Usually, the Federal Emergency Management Agency covers three-quarters of eligible costs, with the remaining quarter — at 12.5 percent each — shared between the state and localities. The state is making $61 million available to 25 counties to cover the local costs for emergency shelter, road, water system and infrastructure repair, and for stream and riverbed mitigation, and other clean-up projects.

Albany County is estimated to have $15 million in recovery project costs; the local share to be covered by the state comes to $1,892,808. Hard-hit Schoharie County, where Cuomo made his announcement on Wednesday, is slated to get $12.8 million for projects totaling $102.6 million.

The governor’s office, which termed the destruction caused by tropical storms Irene and Lee “one of the largest disasters in the state’s history,” said recovery costs are expected to top $1.6 billion for about 15,000 projects. The state is covering the local share through funding put in place by the legislature and additional federal funds requested by the governor, his office said.

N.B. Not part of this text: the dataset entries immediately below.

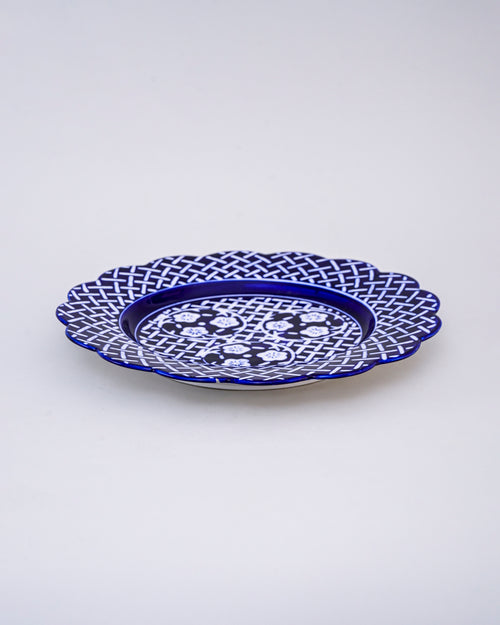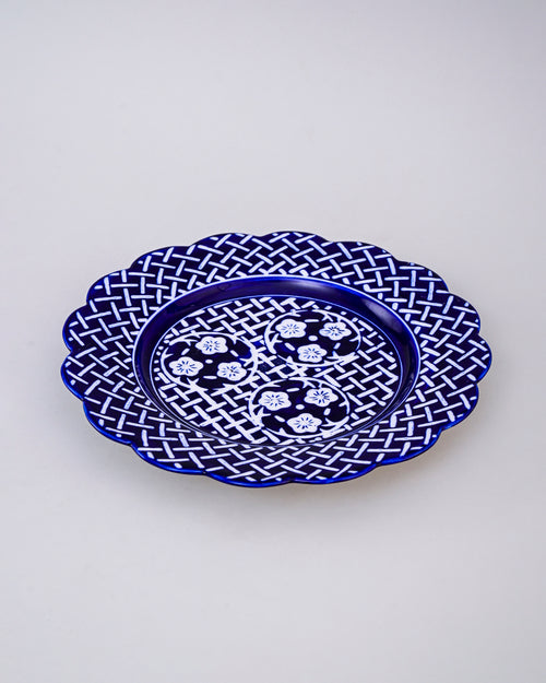 The Blue Lattice Scalloped Edge Platter combines traditional elegance with a modern artistic touch. Featuring a rich blue and white floral lattice design with scalloped edges, it stands out as both a functional serving piece and a decorative accent.
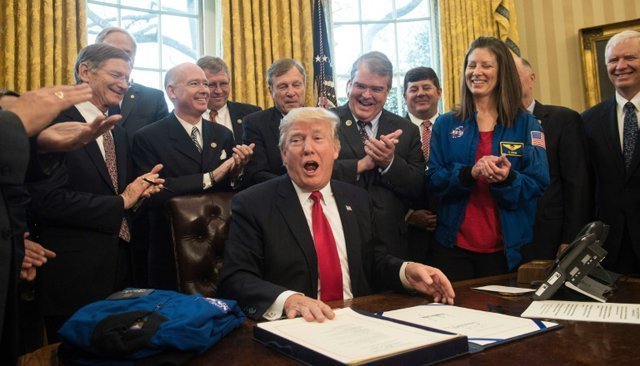 Cette loi "réaffirme notre engagement sur la mission centrale de la Nasa: l'exploration spatiale humaine", a souligné le président américain en signant le texte en présence de nombreux élus dont deux de ses ex-rivaux à la primaire républicaine: Ted Cruz (Texas) et Marco Rubio (Floride).
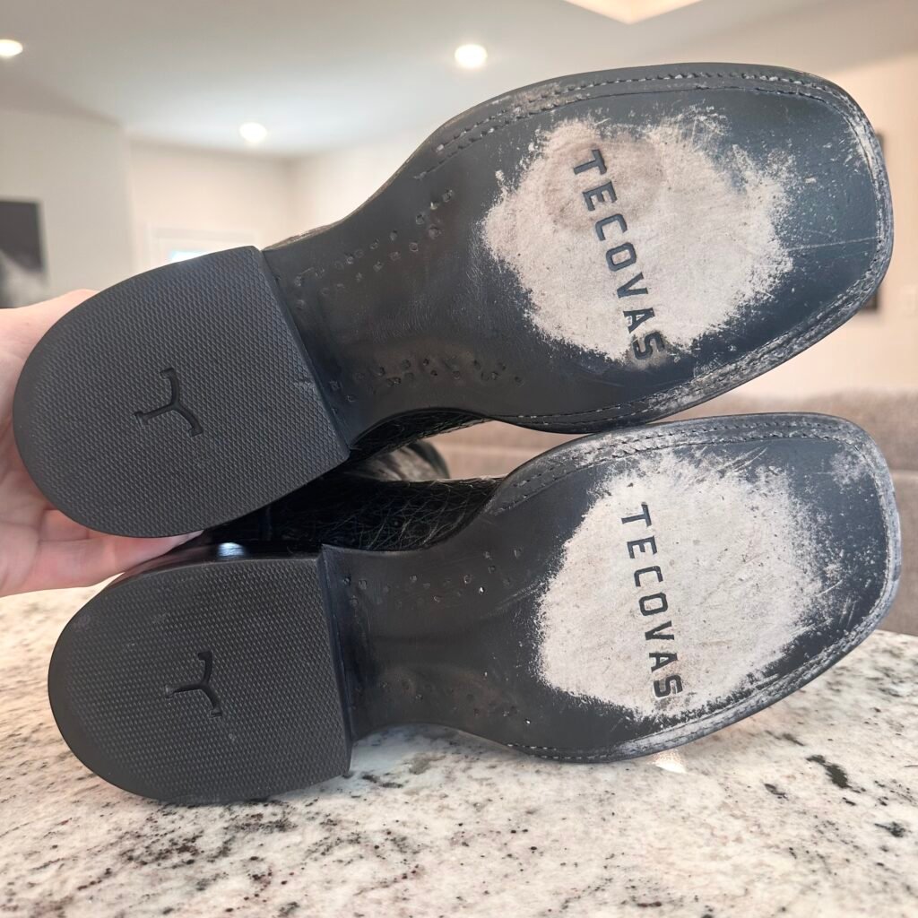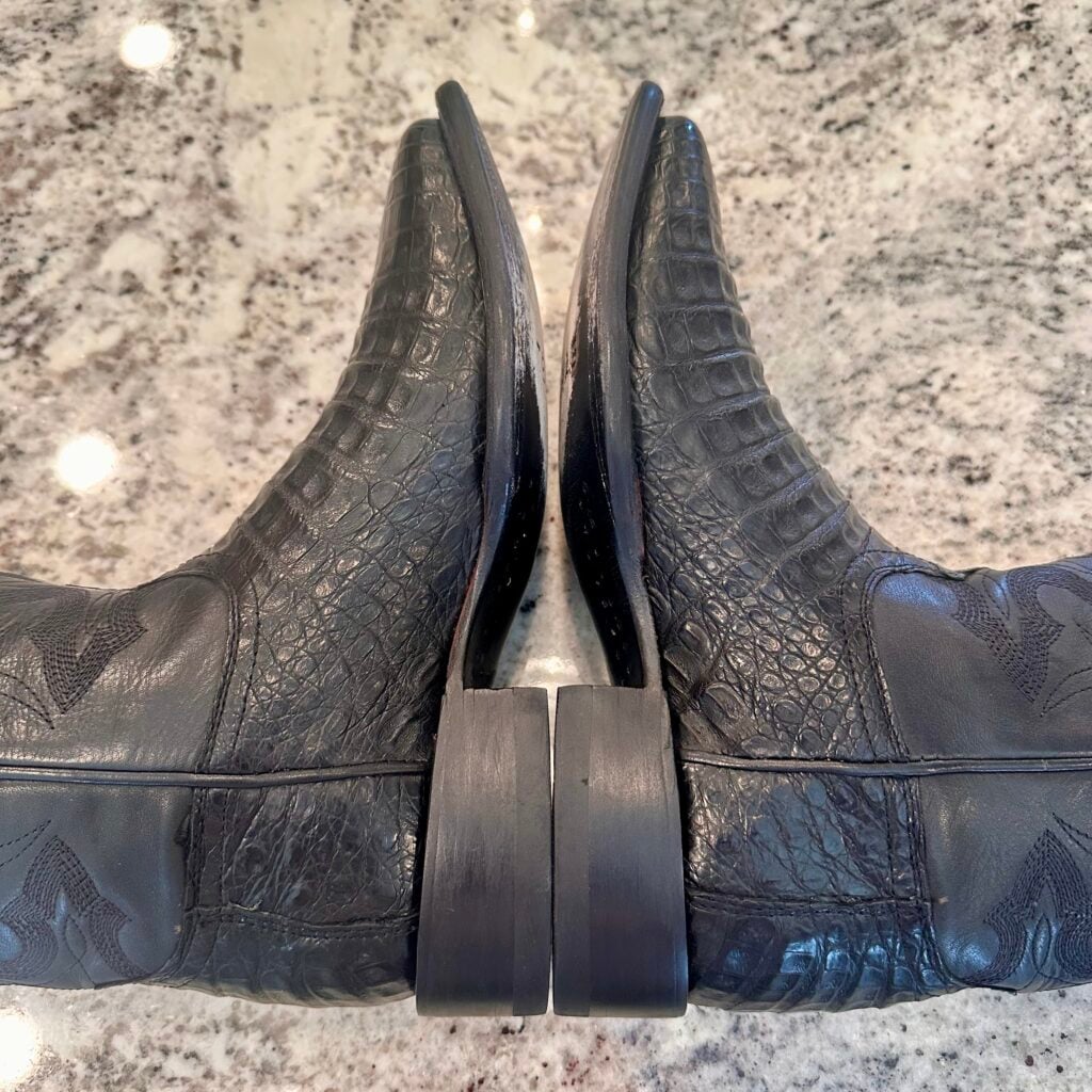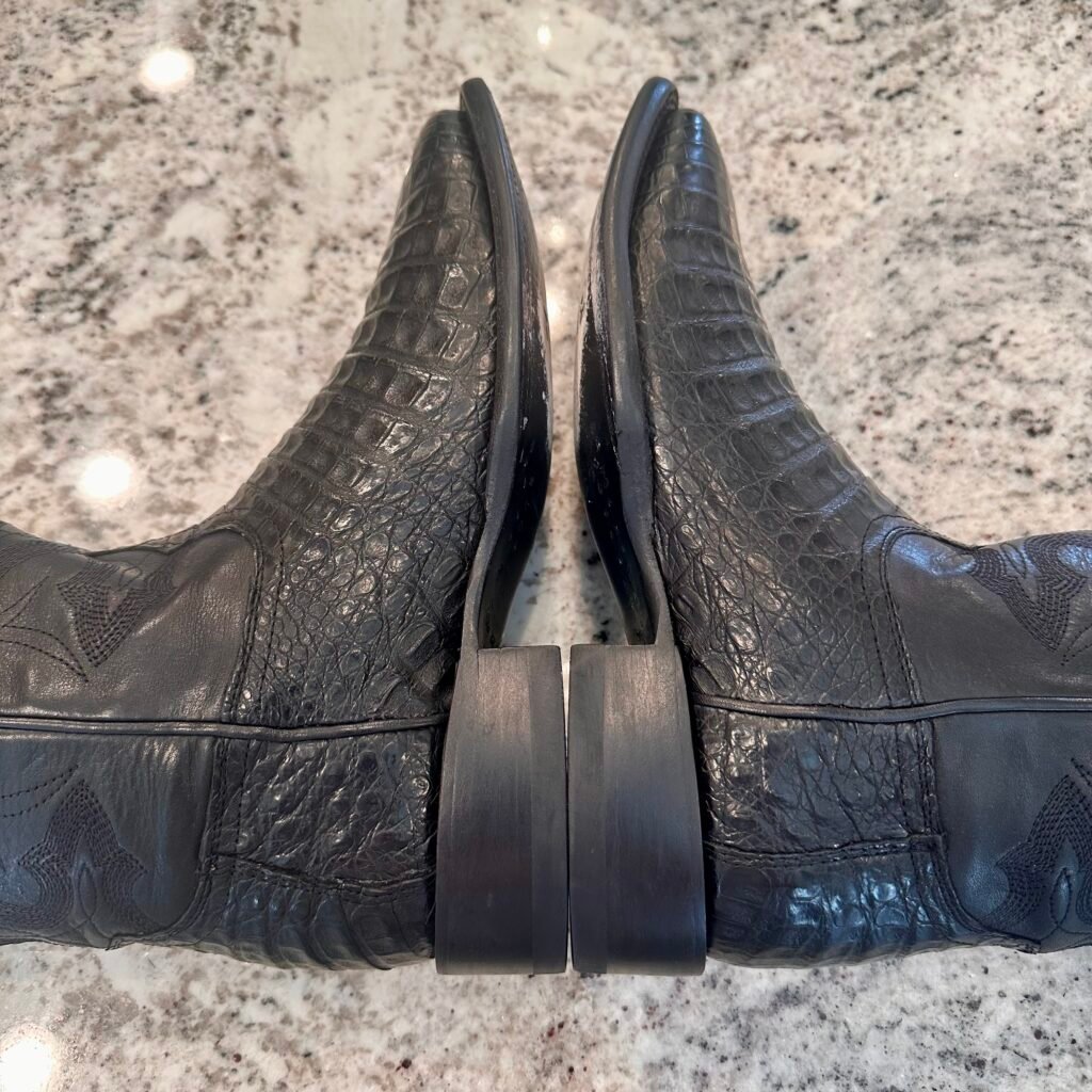 Type: These are men’s size 8 D Tecovas ‘The William’ Caiman Boots in colorway “Midnight” Black. These boots have a caiman belly vamp with a cowhide leather shaft. Double stitched welt with a broad square toe and leather outsoles. Tecovas style M10069MID. Caiman leather is in good shape.
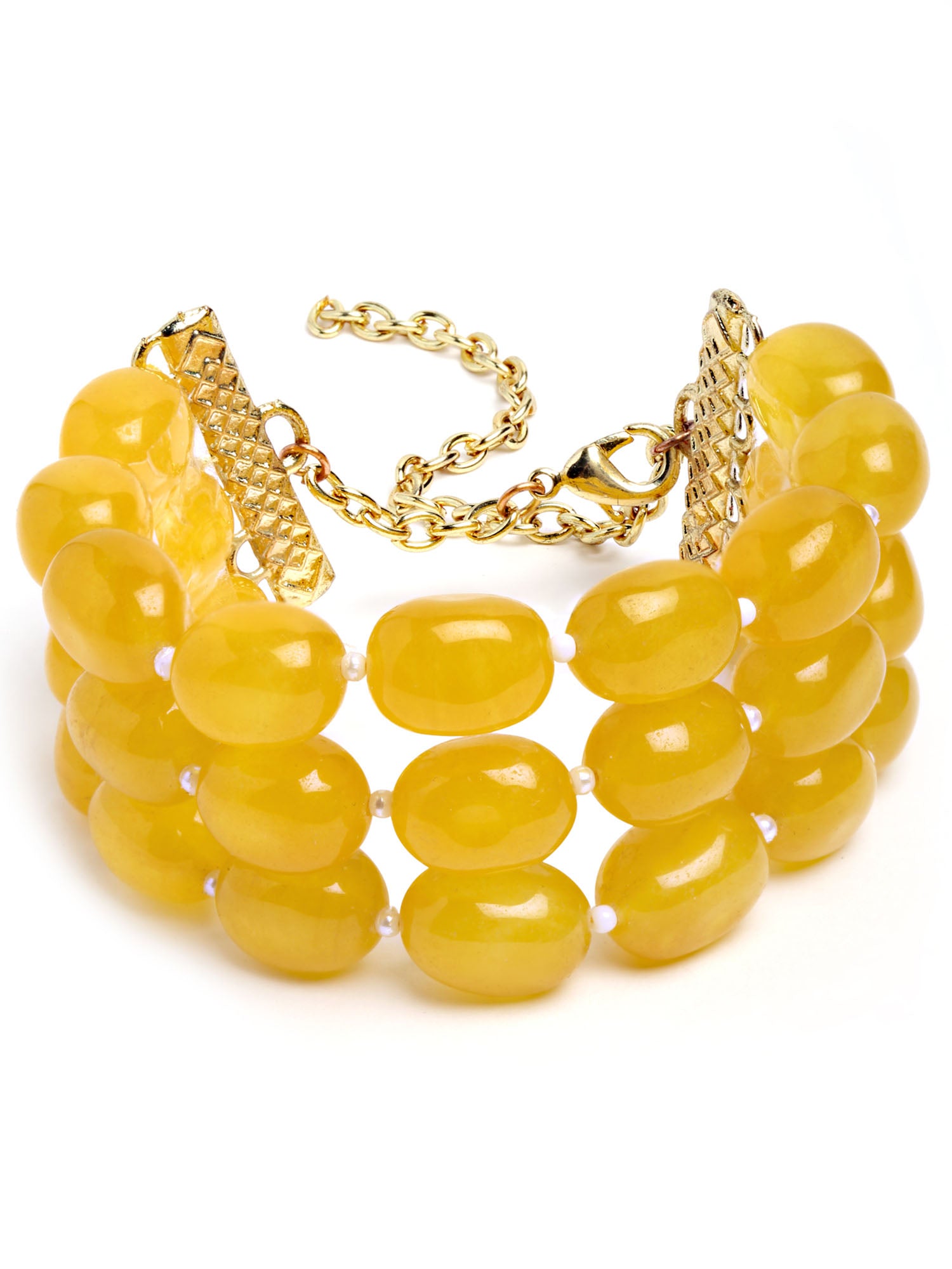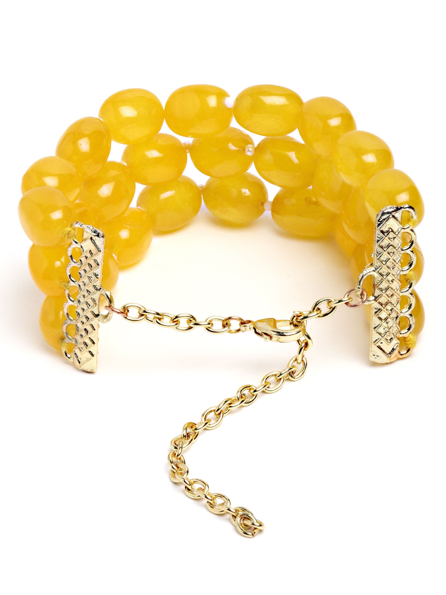 - Karatcart Yellow Tumble Stone Beaded Bracelet for Women. These beautifully handcrafted bracelets are made with high-quality Kundan and Pearls which makes them very skin-friendly.
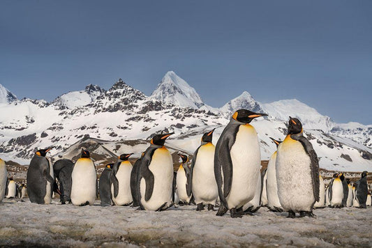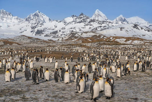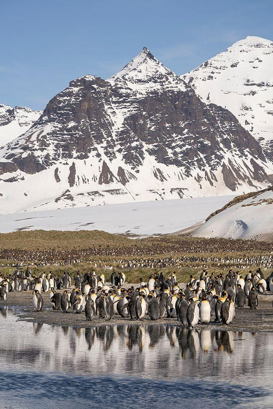 Antarctica-South Georgia Island-St Andrews Bay Landscape with mountain and king penguin colony White Modern Wood Framed Art Print with Double Matting by Jaynes Gallery
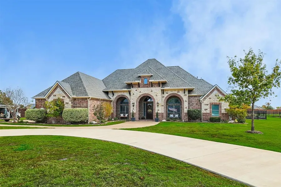 $5000 Seller Concession. This stunning single-story home will WOW you from the moment you pull into the Circular Drive. 4 sizeable bedrooms, 3 baths, and a 3-car garage. Well-appointed floor plan brings together crown mouldings and plantation shutters, and introduces an adaptable second living that could serve as an additional bedroom or media room. The cozy living room, adorned with a stone fireplace and charming wood mantle, invites warmth and relaxation. Meet all your culinary needs in the modern kitchen, showcasing granite countertops, an island, breakfast bar, and stainless appliances. Utility room includes custom cabinets, abundant storage, and a wine fridge. The office stands out with floor-to-ceiling built-ins. Primary ensuite offers impressive views and an oversized closet. The exterior unveils a paradise with a 2019 saltwater pool and spa, outdoor fireplace, extensive patios an...
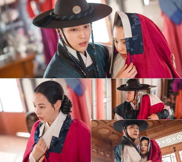 수호는 갑자기 나타난 누군가로부터 여화를 지키려 쓰개치마로 잽싸게 얼굴을 가린다.
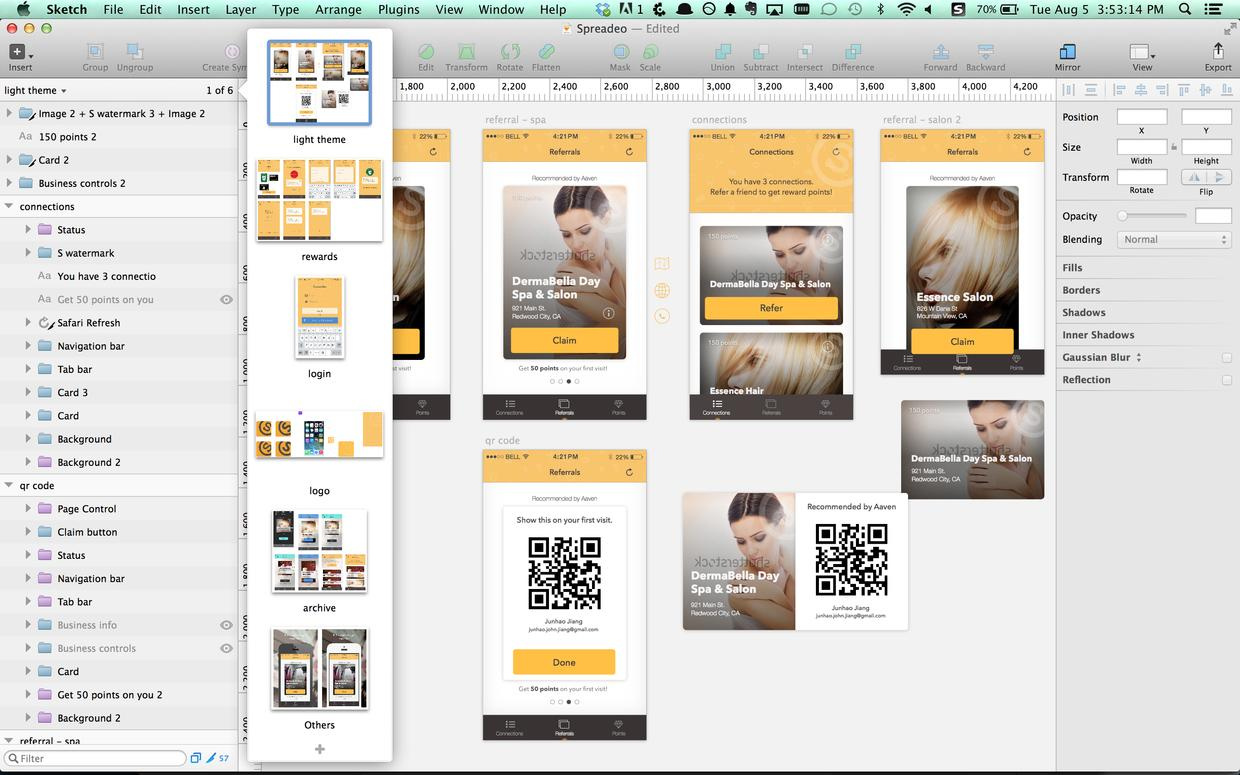 关于 Sketch 和 Photoshop 的比较网上有很多,我就不赘述了。机缘巧合的是我正好那段时间在 Medium 上又看到了一篇夸赞 Sketch 的文章,并在简单搜索之后,发现了不少非常棒的 Sketch 的免费素材资源,于是选择了它而不是 PS 来为 Spreadeo 做设计。
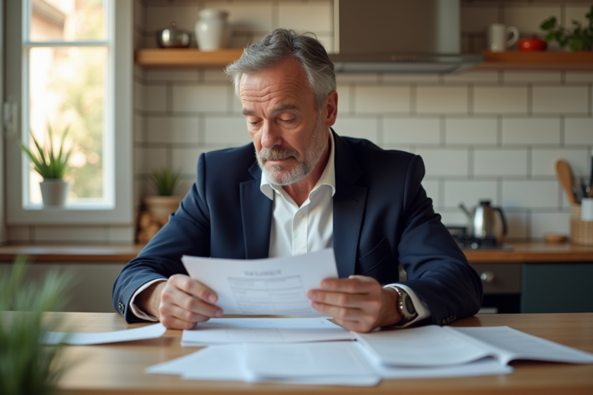 Homme d'âge moyen lisant des documents immobiliers dans une cuisine moderne
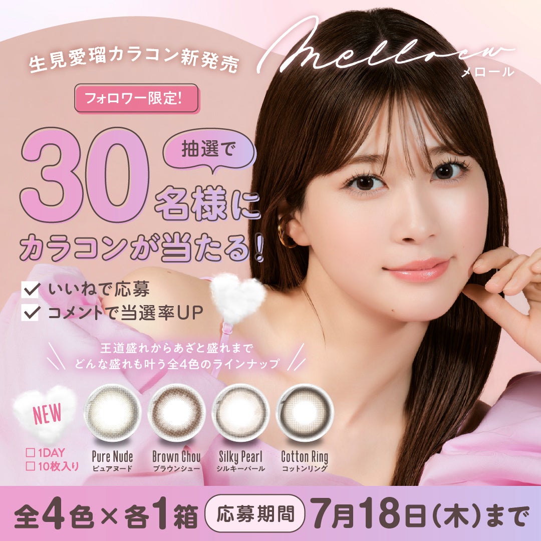「めるる」こと生見愛瑠プロデュース&イメージモデルカラコン新ブランド 『melloew(メロール)』が本日2024年7月8日(月)より販売開始!

“This is obviously very good news,” said New Scotland Supervisor Thomas Dolin of the governor’s announcement. “We have spent money out of our highway budget to make the repairs. We were going to have to use reserves.”

Now, he said, that won’t be necessary. On Jan. 1, the town’s highway department budget for 2012 of $1,823,000 had a deficit of about $200,000.

So far, New Scotland has submitted $267,000 in claims to FEMA to cover nine different recovery projects. “This will save us $33,000,” Dolin said of the state’s paying the local share.

Additionally, the town is spending $500,000 to repair the Wolf Hill bridge, which was ravaged by the summer flooding. So, Dolin calculated, the town will save $70,000 for what would have been its share of that project.

Dolin went on about the money for the nine recovery projects, “We’ve already spent the $267,000 out of the current budget; that normally would have been used to pave roads. Now, we will be able to proceed with our normal paving.”

He concluded of the governor’s announcement, “I think it’s welcome and shows a sensitivity to what small, rural communities were faced with after the storm. Even though the FEMA funds were substantial, it would have left the town with $100,000 to pay on its own.”

“For a small community, this is huge,” said Berne Supervisor Kevin Crosier.

He estimated that Berne has $400,000 to $500,000 worth of repairs to do. Rebuilding the West Woodstock bridge alone, he said, is costing $120,000.

“I’d like to thank the governor for having the forethought to do this,” Crosier said. “He’s trying to put the state in fiscal shape, but it’s still important to help small communities.”

Crosier went on to point out that Berne’s only revenues are from sales tax and property taxes. “We try to keep it low,” he said of property taxes. “This is a huge relief for residents, who won’t have to pick up that tab.”

Westerlo’s supervisor, Richard Rapp, said his town had “better than a million dollars” worth of repairs. “We’re spending plenty,” he said. “We had to borrow money to do it.”

He went on about storm damage, “We got clobbered.” Lobdell Mill road is still closed, he said, and other roads that sustained severe damage, including Pine Valley, Boomhower, and Tan Hollow, are open but were costly to repair.

“FEMA has been here,” said Rapp. “They’re coming back next week. They pay the state and we get the money from the state.”

Of yesterday’s announcement that the state will pick up the local share, Rapp said, “I’m very happy.”

“It is welcome news,” agreed Knox’s supervisor, Michael Hammond. “It certainly will help.”

Knox’s highway superintendent, Gary Salisbury, is still completing project worksheets for FEMA but estimated that repair costs for Knox will total about $75,000.

“We had some pretty severe damage,” he said, noting that Line Road is still closed. Cross and Quay roads also “suffered a lot,” he said. “The rest was scattered around town.”

Asked abut Knox’s expenses being so much lower than the other Hilltowns, Salisbury said, “Over the years, we’ve just learned to work cheap, so we don’t make out with federal money…It’s just very efficient how we do things. We don’t have a lot of time. We just go in and do it. That’s what keeps the numbers down.”